- Stored data -

──────────────────────────────

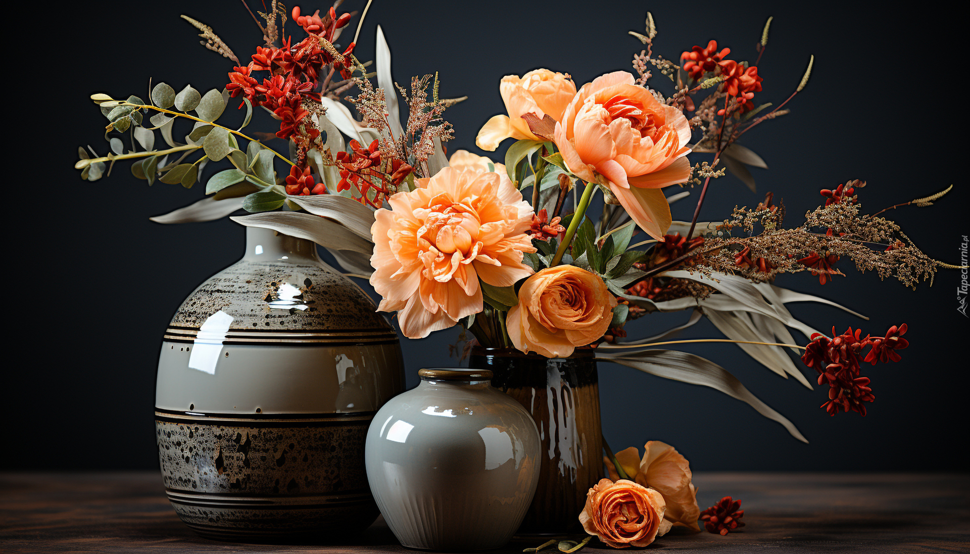 Edytor tapety: Trzy wazony i bukiet kolorowych kwiatów
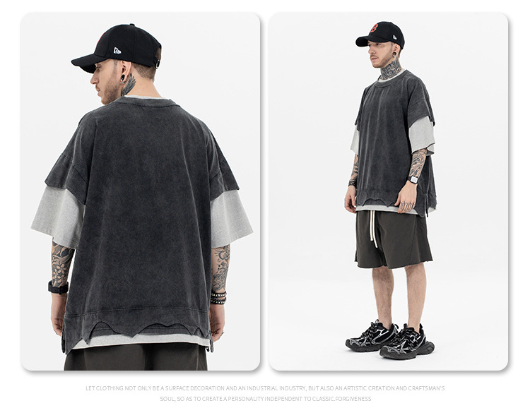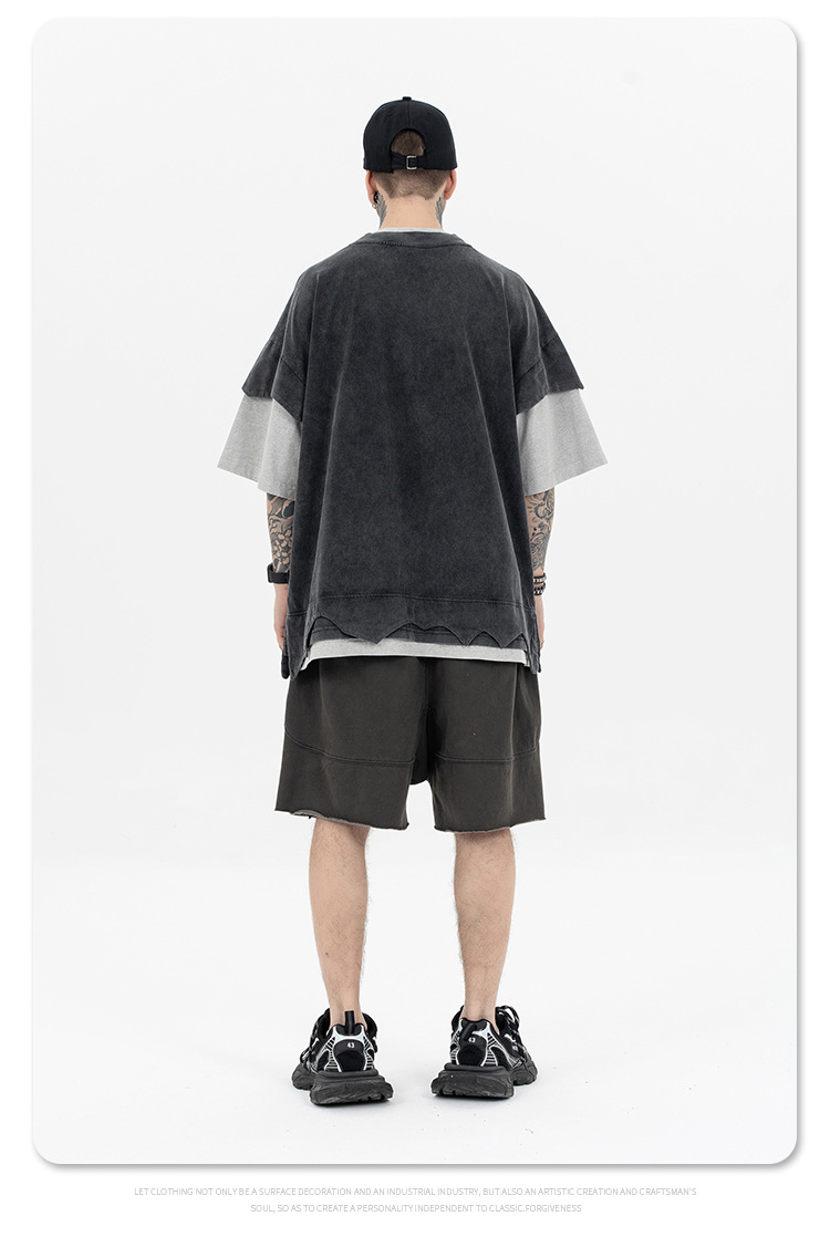 Introducing the Retro Patchwork Double-Layer Color Match T-Shirt, a perfect blend of edgy style and vintage charm. This unique t-shirt is designed for those who appreciate a distinctive and bold look.
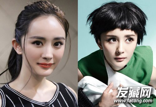 简约的马尾造型两边用细发丝修颜,让杨幂变优雅女神,而不规则假短发造型看起来另类个性,把杨幂本身的甜美清新气质掩盖住了。

──────────────────────────────

- Aim of the task -
A faithful copy of the data above is wanted, with every image left out.

- Task response -
 Edytor tapety: Trzy wazony i bukiet kolorowych kwiatów
 Introducing the Retro Patchwork Double-Layer Color Match T-Shirt, a perfect blend of edgy style and vintage charm. This unique t-shirt is designed for those who appreciate a distinctive and bold look.
 简约的马尾造型两边用细发丝修颜,让杨幂变优雅女神,而不规则假短发造型看起来另类个性,把杨幂本身的甜美清新气质掩盖住了。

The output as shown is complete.